City Guide to Edinburgh, Scotland

City Guide to Edinburgh, Scotland

Science Festival Service at St Giles’ Review

By Barnaby Miln - Posted on 11 April 2010

St. Giles Cathedral on Edinburgh's Royal Mile
Show Details
Edinburgh International Science Festival Service 2010
The Very Reverend Gilleasbuig Macmillan (minister), Michael Harris (Organist and Master of the Music)
William Russell; Felix Mendelssohn; Noel de Jongh; Leighton; Stanford; Louis Vierne.
Running time: 

The sun was shining through the stained glass windows. The long and impressive procession of the representatives of the Science Festival and the privileged bodies of Edinburgh, in order of precedence, with their mace and sword bearers worked their way to their allotted pews. The High Constables took control of those without a ceremonial gold bearer.

Meanwhile Michael Harris on the Austrian Rieger Orgelbau organ, installed in 1992, had played William Russell’s Largo and Andantino and a Felix Mendelssohn sonata. Once the Minister was in his place the choir sung Noel de Jongh’s introit O come, let us sing unto the Lord.

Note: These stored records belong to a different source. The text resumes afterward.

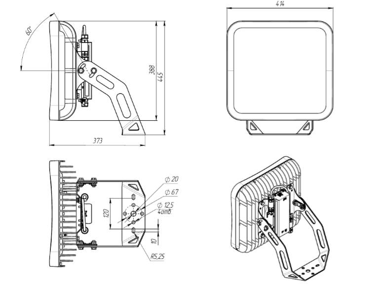 | Габаритные размеры светильника, мм | 415х450х370 |
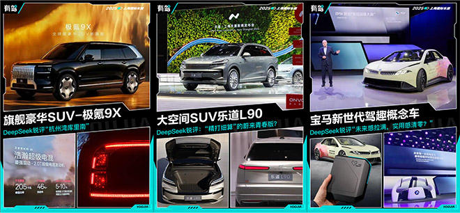 值得一提的是,百度有驾于上海车展,重磅推出全新栏目《DeepSeek车展吐槽大会》,融合趣味性+专业性,通过AI评车 vs 老司机解读的方式,助力用户了解新车核心看点,真正实现 "轻松看展,深度懂车" 的全新体验。
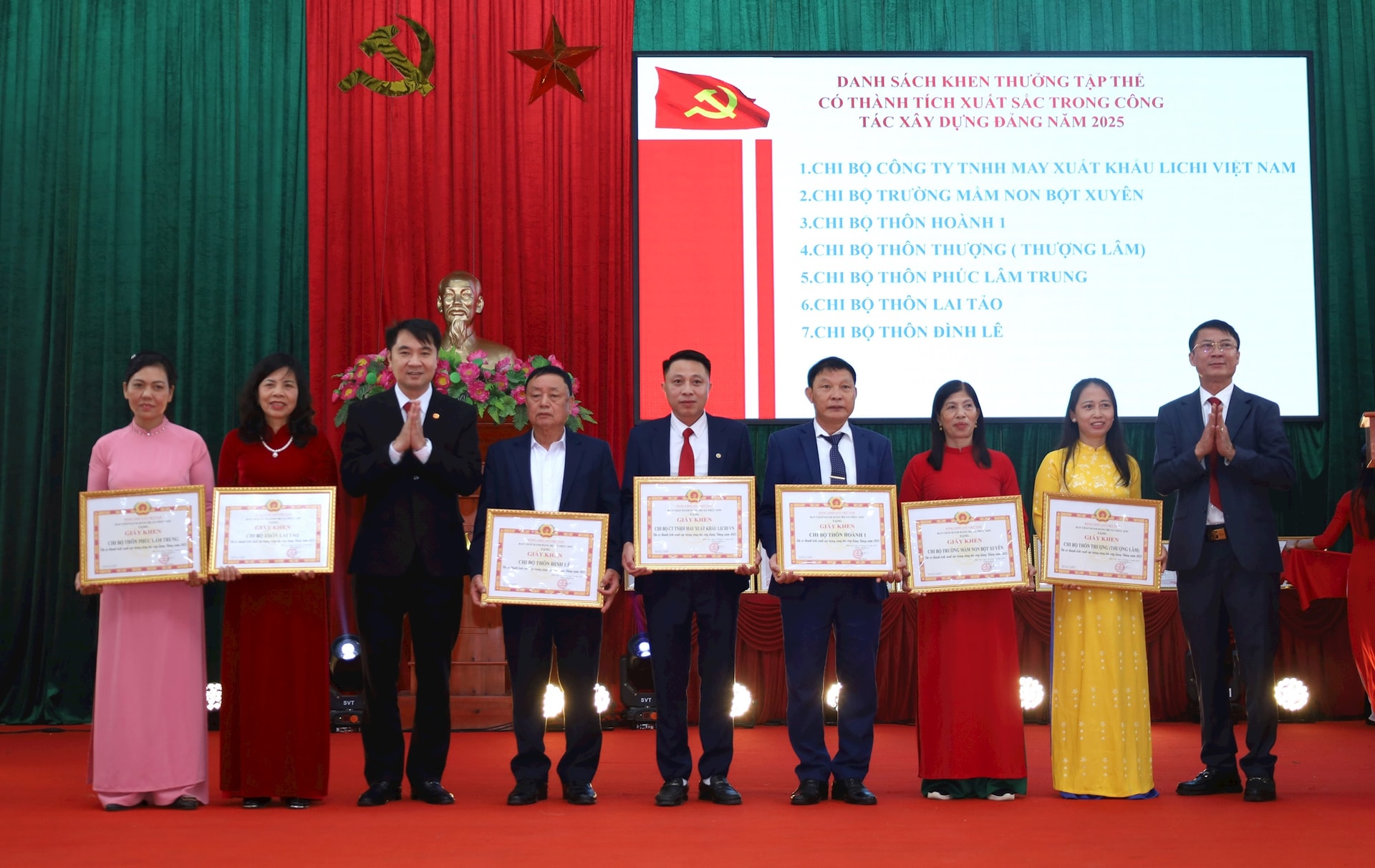 Phó Bí thư Thường trực Đảng ủy xã Phúc Sơn Trần Việt Thắng và Chủ tịch UBND xã Phúc Sơn Trần Xuân Hải khen thưởng các tập thể, cá nhân có thành tích trong công tác xây dựng Đảng. Ảnh: Kim Nhuệ
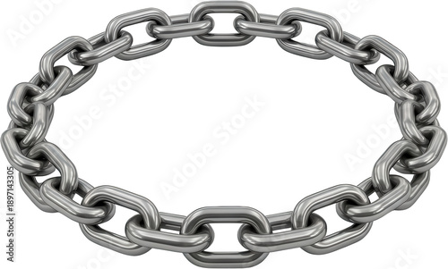 Obraz premium A robust metallic chain forming an oval shape showcasing interconnected heavy duty links crafted from gleaming silver metal connection strength security industry technology
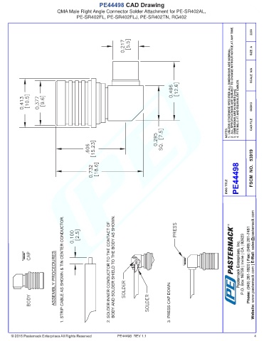 PE44498 CAD Drawing QMA Male Right Angle Connector Solder Attachment for PE-SR402AL, PE-SR402FL, PE-SR402FLJ, PE-SR402TN, RG402 PE44498 REV 1.1 4

We all rose to sing the hymn Rejoice, the Lord is King and the choir of 22 moved to their stalls.

Kenneth Leighton’s Preces were sung by the choir before the Minister bid us welcome and prayed. There’s a lovely sound system in St Giles’, positioned at a man’s height, which makes you feel the Minister is speaking to you personally and not booming out to everybody. We responded by saying the printed Collect.

Clearly heard readings and the choir singing one of my favourite psalms, one of shortest and the last, number 150, preceded us all singing an unfamiliar hymn. After a dodgy start by all around me, it became clear that this was a Science Festival hymn and each verse dealt with matters scientific - constellations, atom’s hidden forces, cell tissue, creatures and nature. Understanding made singing a whole lot easier.

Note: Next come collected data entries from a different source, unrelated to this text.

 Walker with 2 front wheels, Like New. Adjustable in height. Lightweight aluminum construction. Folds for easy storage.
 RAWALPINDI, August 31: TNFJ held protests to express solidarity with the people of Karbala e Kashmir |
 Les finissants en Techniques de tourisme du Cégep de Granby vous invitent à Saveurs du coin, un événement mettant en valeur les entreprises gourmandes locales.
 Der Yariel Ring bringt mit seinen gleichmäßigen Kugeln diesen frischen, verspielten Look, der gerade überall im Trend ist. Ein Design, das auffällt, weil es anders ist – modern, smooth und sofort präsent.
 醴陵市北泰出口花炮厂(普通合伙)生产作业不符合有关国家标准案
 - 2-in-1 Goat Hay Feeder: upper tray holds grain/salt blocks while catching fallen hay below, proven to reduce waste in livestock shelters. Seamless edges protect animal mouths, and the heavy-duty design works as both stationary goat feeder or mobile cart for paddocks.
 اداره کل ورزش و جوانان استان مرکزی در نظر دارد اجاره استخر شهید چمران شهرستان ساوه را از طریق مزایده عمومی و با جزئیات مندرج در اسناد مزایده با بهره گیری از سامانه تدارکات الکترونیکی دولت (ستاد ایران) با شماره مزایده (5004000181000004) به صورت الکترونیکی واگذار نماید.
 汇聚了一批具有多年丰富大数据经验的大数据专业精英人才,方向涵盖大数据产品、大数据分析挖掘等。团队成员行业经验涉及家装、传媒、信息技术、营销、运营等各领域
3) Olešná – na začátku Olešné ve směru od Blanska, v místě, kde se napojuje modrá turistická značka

Joyce Macmillan, the arts journalist, was the guest preacher and her address was full of praise for Edinburgh’s festivals and the arts - so long as they remained funded by the great and good. Thank goodness, she said, that at least some things that are at best experimental get a hearing. But it was Gilleasbuig Macmillan's prayers that sharpened the mind on the need for science.

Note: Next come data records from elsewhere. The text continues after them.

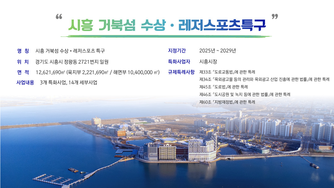 임병택 시장은 "이번 특구 지정으로 더욱 다양한 사업의 유치와 운영이 가능해지는 만큼, 거북섬 지역 경제 활성화에 기여할 수 있도록 최선을 다하겠다"고 밝혔다.
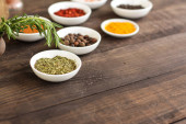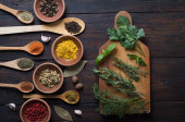Przyprawy i zioła na drewnianym stole. Widok z góry
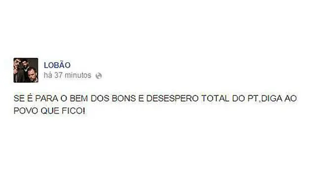 "Dilma está reeleita, grande tragédia para o Brasil. Agora estamos mais fortes, mais articulados e mais numerosos. Nasce uma verdadeira oposição no Brasil e ninguém arredará pé daqui. Esse País também é nosso e ficaremos firmes e fortes para lutar por ele. Vamos em frente", completou o músico.
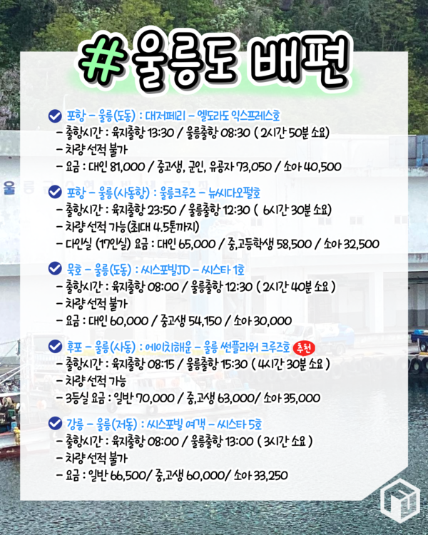 울릉군 문화관광 홈페이지에서 각 출발지 배편에 대한 자세한 정보를 확인할 수 있습니다. 또 선박별 터미널 이용료 및 할증도 추가될 수 있으니 꼭 확인하셔야합니다.
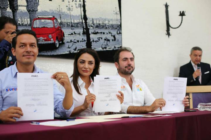 El aspirante por los Partidos de la Revolución Democrática (PRD), Acción Nacional (PAN) y Movimiento Ciudadano (MC) asistió a la firma para sumarse al Código de Etica de la asociación c... Ver más...
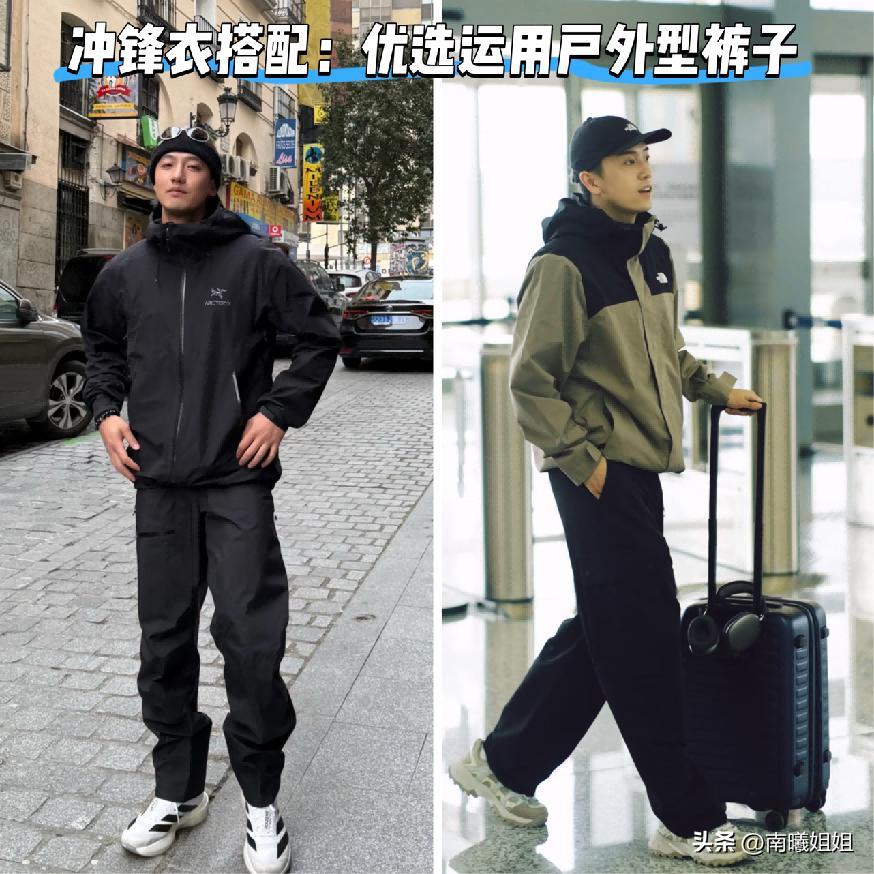 衝鋒衣這款單品,它本身就是屬於非常經典的戶外型穿搭,所以在應用起來的時候,我們也可以與其搭配比較寬鬆型的褲裝,也就是適適和戶外來進行運用的。例如像工裝褲或者是運動褲以及寬闊的牛仔褲,都是能夠和衝鋒衣完美組合起來的存在。
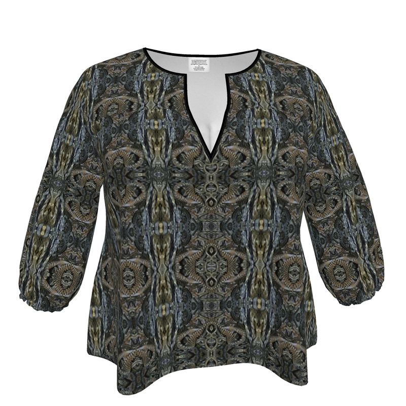 Description: The blouse, featuring original art by River Jade Smith Travis "Doby" Huffaker, is a testament to sustainable fashion. Using water-based inks for printing, it champions eco-friendliness, eliminating harmful chemicals. Crafted in a single facility, it reduces environmental impact, aligning perfectly with the eco-conscious values of its wearers.

Soaking in the Address was aided by the choir singing Stanford’s Ye choirs of new Jerusalem. Out have gone debts and debtors and in have come trespasses in the Lord’s Prayer, and on to the final hymn, Blest be the everlasting God to the tune Bishopthorpe.

Michael Harris was back in his loft having come down at one stage to conduct the choir. His voluntary as the procession departed, again in due order, was Louis Vierne’s Final (Symphonie 1).